Interchange Standards Consortium) for organizing and  formatting data to be submitted to 

regulatory authorities such as the FDA.One of the fundamental domains in SDTM is the 

Demographics (DM) domain. 


It contains subject-level information such as:

Subject ID

Study ID

Age

Sex

Race

Country

Siteid

etc.


Step-by-Step Workflow:

We’ll follow these key steps:

1.Define the simulated raw demographic data (source data).

2.Create a macro to simulate raw data.

3.Use SQL to clean, transform, and standardize the data.

4.Create the final SDTM DM dataset with SDTM-compliant variables.

5.Apply SAS Macros for automation and modularity.

6.Show the final dataset with 15+ observations.

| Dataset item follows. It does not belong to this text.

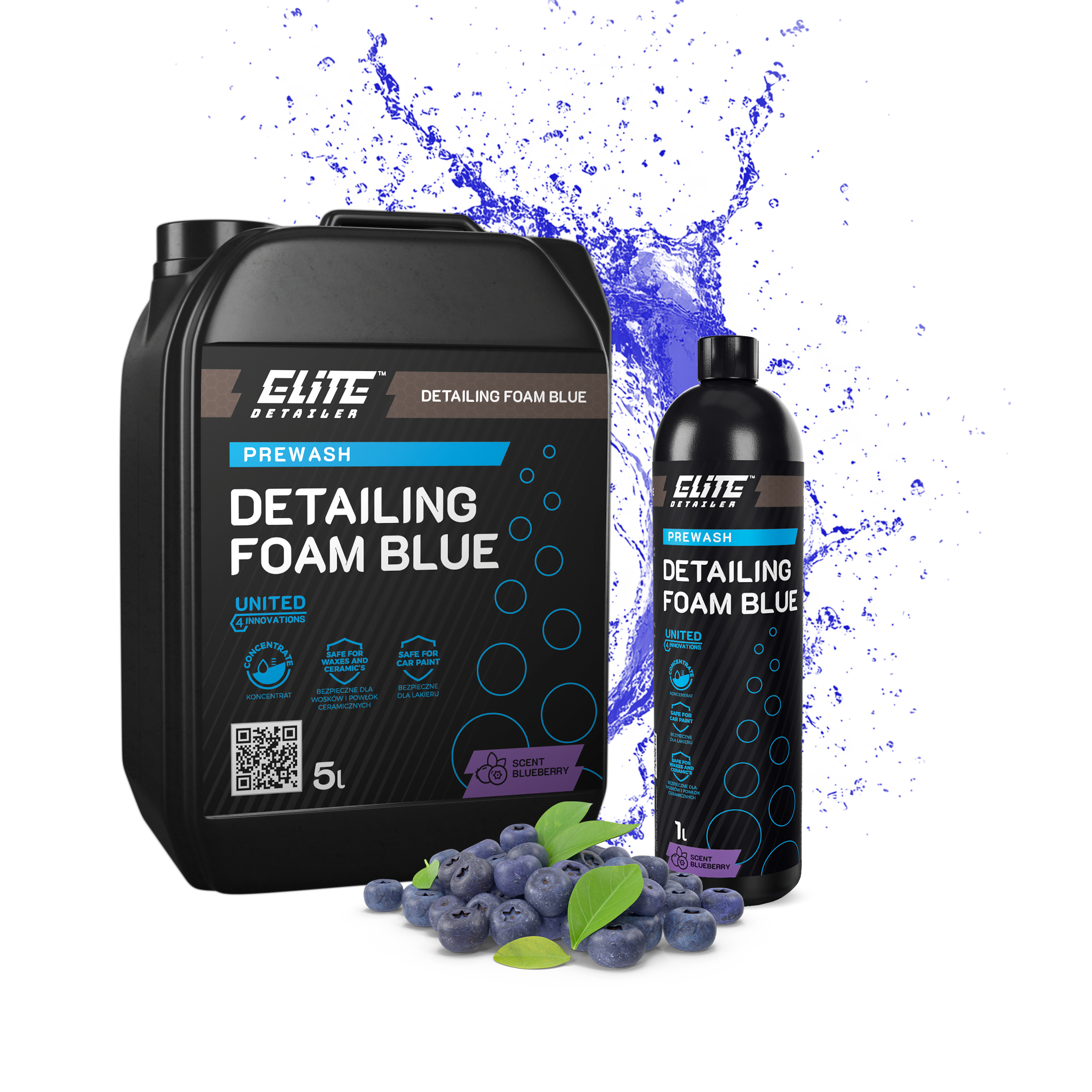 Detailing Foam Blue ist sowohl in 1-Liter-Flaschen mit auslaufsicherem Verschluss als auch in 5-Liter-Kanistern erhältlich – mehr Power, mehr sparen!

Step 1: Define Simulated Raw Data:

Let’s simulate raw demographic data that could resemble what's collected in a CRF 

(Case Report Form). We'll create a raw_demo dataset that includes variables such as:

SUBJID: Subject ID

SITEID: Site Number

AGE: Subject Age

SEX: Subject Sex (M/F)

RACE: Race

COUNTRY: Country Code

ENRLDT: Enrollment Date


Step 2: Creating A Simulate Raw Data:

data raw_demo;

    length SUBJID $10 SITEID $5 SEX $1 RACE $20 COUNTRY $3;

    format ENRLDT date9.;

    input SUBJID $ SITEID $ AGE SEX $ RACE $ COUNTRY $ ENRLDT :date9.;

    datalines;

101-001 S001 34 M Asian IND 01JAN2024

101-002 S001 29 F White USA 05JAN2024

101-003 S001 40 M Black USA 08JAN2024

102-001 S002 23 F Asian JPN 03JAN2024

102-002 S002 37 M Other FRA 06JAN2024

102-003 S002 30 F White IND 10JAN2024

102-004 S002 36 M Black USA 12JAN2024

103-001 S003 28 M Asian CHN 15JAN2024

103-002 S003 33 F Other FRA 17JAN2024

103-003 S003 35 M White JPN 20JAN2024

103-004 S003 41 F Black IND 22JAN2024

103-005 S003 38 M Asian IND 25JAN2024

103-006 S003 32 F White CHN 27JAN2024

103-007 S003 27 M Other USA 30JAN2024

103-008 S003 26 F Black JPN 01FEB2024

103-009 S003 39 M Asian FRA 03FEB2024

;

run;

proc print data=raw_demo;

run;

Output:

Obs SUBJID SITEID SEX RACE COUNTRY ENRLDT AGE
1 101-001 S001 M Asian IND 01JAN2024 34
2 101-002 S001 F White USA 05JAN2024 29
3 101-003 S001 M Black USA 08JAN2024 40
4 102-001 S002 F Asian JPN 03JAN2024 23
5 102-002 S002 M Other FRA 06JAN2024 37
6 102-003 S002 F White IND 10JAN2024 30
7 102-004 S002 M Black USA 12JAN2024 36
8 103-001 S003 M Asian CHN 15JAN2024 28
9 103-002 S003 F Other FRA 17JAN2024 33
10 103-003 S003 M White JPN 20JAN2024 35
11 103-004 S003 F Black IND 22JAN2024 41
12 103-005 S003 M Asian IND 25JAN2024 38
13 103-006 S003 F White CHN 27JAN2024 32
14 103-007 S003 M Other USA 30JAN2024 27
15 103-008 S003 F Black JPN 01FEB2024 26
16 103-009 S003 M Asian FRA 03FEB2024 39


What We Did:

A raw demographic dataset with 16 subjects across multiple countries and sites.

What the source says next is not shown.